Meet the team at St Mark’s URC, Amble
By Sue Swanston
Amble, – the friendliest port – is a small town (pop 6025 and growing) set among beautiful coastal scenery and on the estuary of the River Coquet with the Cheviot Hills not far away. Some of the best beaches in the country are within walking distance of the town, although, more often than not, you need your thermal underwear and woolly hat on to cope with the wind blasting off the North Sea (This article was written, of course, by ‘a soft southerner’). Recently there have been major building works in the town, including the Harbour Village which consists of 15 retails pods and a Seafood Centre where you can visit the lobster hatchery as well as buying fresh, locally-caught fish, we also have an award-winning high street and numerous new houses.
A major problem in the town however (and for the Church too) is parking – well, actually, lack of it. The town was mostly built in late Victorian times, so all those terraces have no garages or private parking spaces. Amble’s increased popularity (as a place to holiday in, or to visit for the day) has made it a little awkward for the car parker, and a delight for the parking attendants – please beware!
St Mark’s has been a presence in the town for over 130 years. We have been in our current building since 1894, as a Congregational Church until 1972, when we became St Mark’s United Reformed Church. Since 2010 we have been led by Revd Alison Mills in a part-time, non-stipendiary Ministry.

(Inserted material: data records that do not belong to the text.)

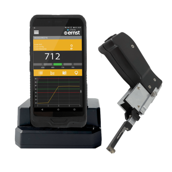 e‑Handy to kompaktowy, bezprzewodowy twardościomierz wykorzystujący opatentowaną metodę ESATEST® opartą na pomiarze oporu elektrycznego, stworzony z myślą o pomiarach w trudno dostępnych miejscach. Umożliwia pomiary na małych powierzchniach, wewnątrz elementów konstrukcyjnych, w strefach wpływu ciepła (HAZ) oraz na złożonych zespołach bez konieczności demontażu. Wyniki pomiaru dostępne są natychmiast, co pozwala na szybką ocenę stanu materiału.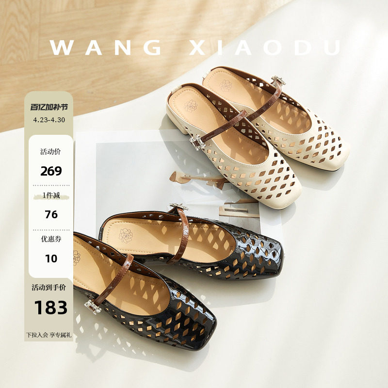 【王小毒】浮光仲夏●镂空粗跟包头拖鞋女夏季亮钻透气法式穆勒拖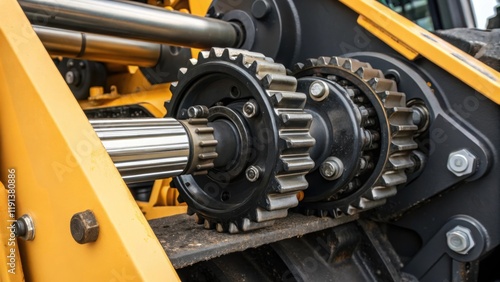 A closeup of a telehandlers articulated joint revealing the complex hydraulic system and gears. The interplay of metal and grease highlights the engineering excellence behind the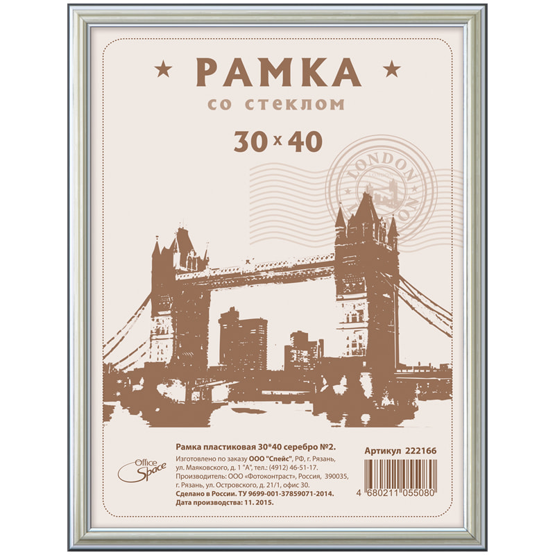Рамка пластиковая 30*40см, OfficeSpace, №2, серебро, 222166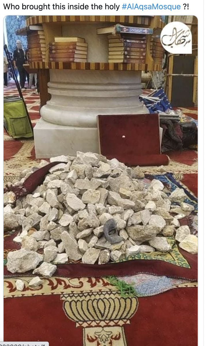 You are a Lib-Dem MP spouting untruths, lies. In the pictures, explain why Arabs desecrate al-Aksa with rocks, knives, weapons, fireworks, Molotov cocktails? Explain how

A small number of extended families has formed the larger part of the congregation since the beginning. Today we are a small (21 members, with 15 as an average congregation), ageing (average age 73) and extremely generous group!
We support a number of local and international charities on an annual basis; for example we are the largest sponsor , by far of the 3T charity in Bangladesh,, which Trains Teachers to Teach. We also contribute to the ongoing costs of a nursery school in Kenya. We have strong links with Commitment for Life, and support a village in Bangladesh through ActionAid. Donations are made to appeals when disasters strike across the world, as well as to other events, especially when members’ grandchildren have sponsored walks / swims / haircuts, etc. On two occasions, one of St Mark’s more adventurous members has been sponsored to abseil down the side of Alnwick Castle (her former home, as a teacher in training!) in aid of the local hospice.
We are a FairTrade Church and our FairTrade man, Mr George Hall, has a stall at all our events as the main supplier of fairly traded items in our area he also takes goods to other events, especially those run by our ecumenical neighbours, Coquet Churches Together.
We ‘share’ our building with a WeightWatchers Group. The East Coquetdale Local History Society, our Over 60s Group and until very recently a language group (set up to help refugee families settle more easily into the town). As a small and ageing congregation we are unable to physically carry out much of the ministry we feel called to do in and for our local community, but we are able to ‘gift’ the building to ‘our’ JellyBeanz Toddler Group, Amble Ranger Guides, and the Amble Foodbank, as well as The Puffin Lounge (a dementia-friendly drop-in afternoon). In this way our work to extend the Kingdom of God in this place, continues.
For a number of years now, on the first and third Saturdays of each month, St Mark’s has organised coffee mornings which are attended by members of every denomination in the town, as well as people with no particular church affiliation, they are good social times for the local community. WOW (Worship on Wednesdays) puts worship and meditation into the heart, and middle of each week, in Amble – a small group praying for the people and concerns of our area.
Each week, around 250 people use our buildings and facilities.
Every other year, we run Amble’s Variety Show – the town’s big effort for Christian Aid. So far, and each time we have managed to raise £1000+. The quality of the entertainment gets better and the quantity of people wanting to take part in the show increases each year, too.
Just for you ‘Footsteps’ readers, here’s a heads-up for the 2020 date; – Saturday, May 16th, 6.30 pm at St Mark’s. We’d love to see YOU there, too.
Our worship style is fairly relaxed. We have our own minister to lead worship twice a month; sometimes we are fortunate to welcome visiting worship leaders and sometimes we lead worship ourselves. Three or four times a year, for example, we hold a Songs of Praise service, when everyone can suggest their favourite hymns, readings, poems, etc. Hosting joint and ecumenical services (as well as those with a more ‘civic’ emphasis) is done as part of our sharing the work of Coquet Churches Together. As a designated and committed Inclusive Church, St Mark’s will again remember (for the third consecutive year) those of the world-wide Transgender community who have died because of persecution, on grounds of their gender.
St Mark’s dreams include a vision for future-proofing and re-modelling a building which is fit for all of our ministry and
activities (with toilets which are a pleasure to use and lots more storage space – and perhaps much, much more!)
I write this article as the Church Secretary of many years standing and, in the full recognition that the congregation will probably kill me for saying this, we are a vibrant, hard-working bunch and full of boundless energy!!!
If a stranger walks into St Mark’s, we hope we would be recognised as ‘a place to belong’ because we try to live up to a relational theology in which our ministry to each other and for God is borne out in our mission statement:
We care, we love, we serve and we welcome all in the name of the Lord.